Daftar Kecamatan yang Masuk dalam Wacana Pemekaran Garut Selatan:

Banjarwangi
Bungbulang
Caringin
Cibalong
Cihurip
Cikelet
Cisewu
Cisompet
Mekarmukti
Pakenjeng
Pemulihan
Pameungpeuk
Peundeuy
Singajaya
Talegong

Jika rencana ini direalisasikan, maka Calon Kabupaten Garut Selatan akan memiliki luas sekitar 1.804,67 kilometer persegi, mencakup wilayah pesisir selatan dan pegunungan, yang selama ini masih menghadapi ketimpangan dalam akses infrastruktur, layanan kesehatan, pendidikan, dan ekonomi.

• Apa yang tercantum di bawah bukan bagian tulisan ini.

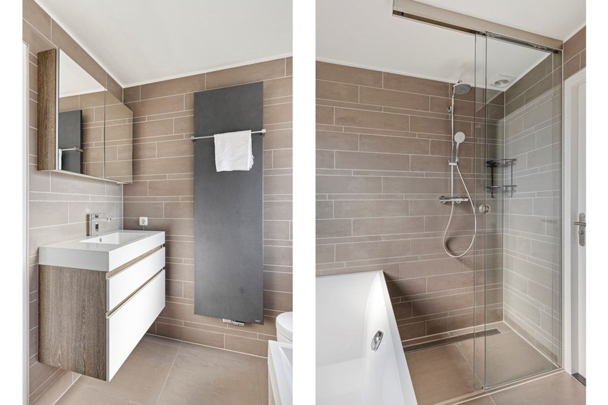 Op de verdieping vind je twee ruime slaapkamers en een moderne, luxe badkamer die voelt als je eigen privésuite. Comfort en rust staan hier centraal.

Dorongan dari Masyarakat dan Tokoh Lokal

Presidium Pembentukan Kabupaten Garut Selatan, yang terdiri dari sejumlah tokoh masyarakat, mantan pejabat, akademisi, dan aktivis pembangunan daerah, terus melakukan konsolidasi serta pendekatan politik dengan berbagai pihak.

Mereka menilai pemekaran adalah solusi konkret untuk menjawab permasalahan kesenjangan pembangunan antara wilayah utara dan selatan Garut yang sudah berlangsung selama puluhan tahun.

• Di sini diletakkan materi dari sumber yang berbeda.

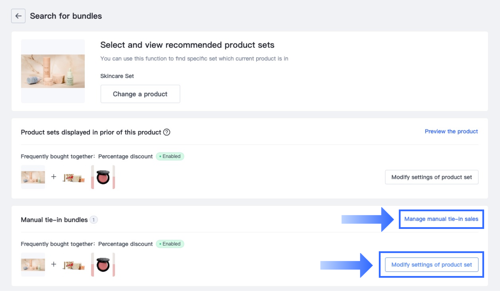 Trong ứng dụng Product Upsells & Bundles, vào tab Product bundles, tìm module "Manual tie-in sets", và nhấp vào Manage bundles.
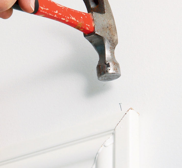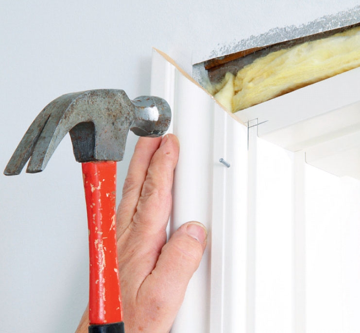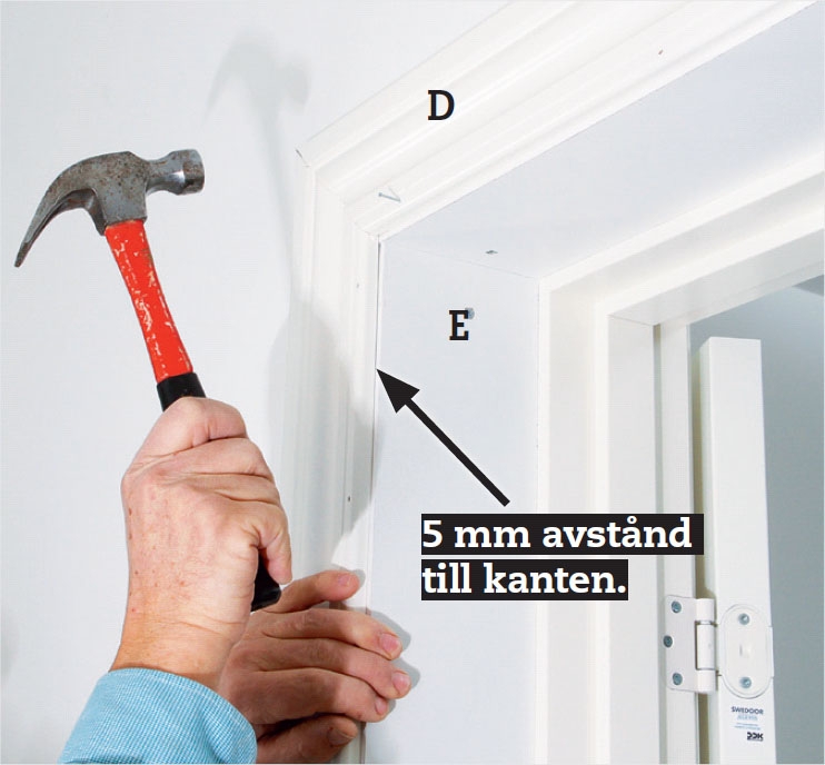 Spika fast foderlisten på karmen med 40 x 1,6 mm dyckert och försänk alla spikhuvuden. Spackla över med fin snickarspackel så syns inte spikarna.

“Ini bukan soal ambisi, tapi soal keadilan wilayah. Sudah terlalu lama wilayah selatan Garut hanya jadi penonton. Dengan adanya kabupaten sendiri, kita bisa fokus membangun sesuai potensi dan kebutuhan masyarakat lokal,” ujar salah satu tokoh presidium dalam forum dialog publik. Minggu, (22/06/2025).

Dukungan Pemerintah Daerah dan Langkah Politik

Pemerintah Kabupaten Garut sendiri, dalam beberapa kesempatan, menyatakan tidak keberatan dengan gagasan pemekaran selama dilakukan sesuai prosedur perundang-undangan.

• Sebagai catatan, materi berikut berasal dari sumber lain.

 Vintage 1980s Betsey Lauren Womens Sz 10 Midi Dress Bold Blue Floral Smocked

Bahkan, Bupati Garut sebelumnya sempat menyampaikan bahwa pemekaran akan meringankan beban administrasi pemerintah induk dan mempercepat pelayanan publik bagi masyarakat di wilayah terpencil.

Saat ini, rencana tersebut tengah berada dalam tahap pengumpulan dokumen pendukung serta penguatan aspirasi masyarakat melalui forum-forum diskusi, musyawarah desa, hingga penyusunan kajian akademik. Setelah lengkap, berkas tersebut akan diajukan ke Pemerintah Provinsi Jawa Barat dan dilanjutkan ke Pemerintah Pusat melalui Kementerian Dalam Negeri dan DPR RI.

Tantangan dan Harapan

Meskipun wacana ini didukung oleh banyak pihak, tidak sedikit pula tantangan yang dihadapi. Mulai dari kesiapan infrastruktur pemerintahan di wilayah calon kabupaten baru, sumber daya manusia, hingga kesiapan fiskal dan potensi ekonomi lokal yang harus dikembangkan.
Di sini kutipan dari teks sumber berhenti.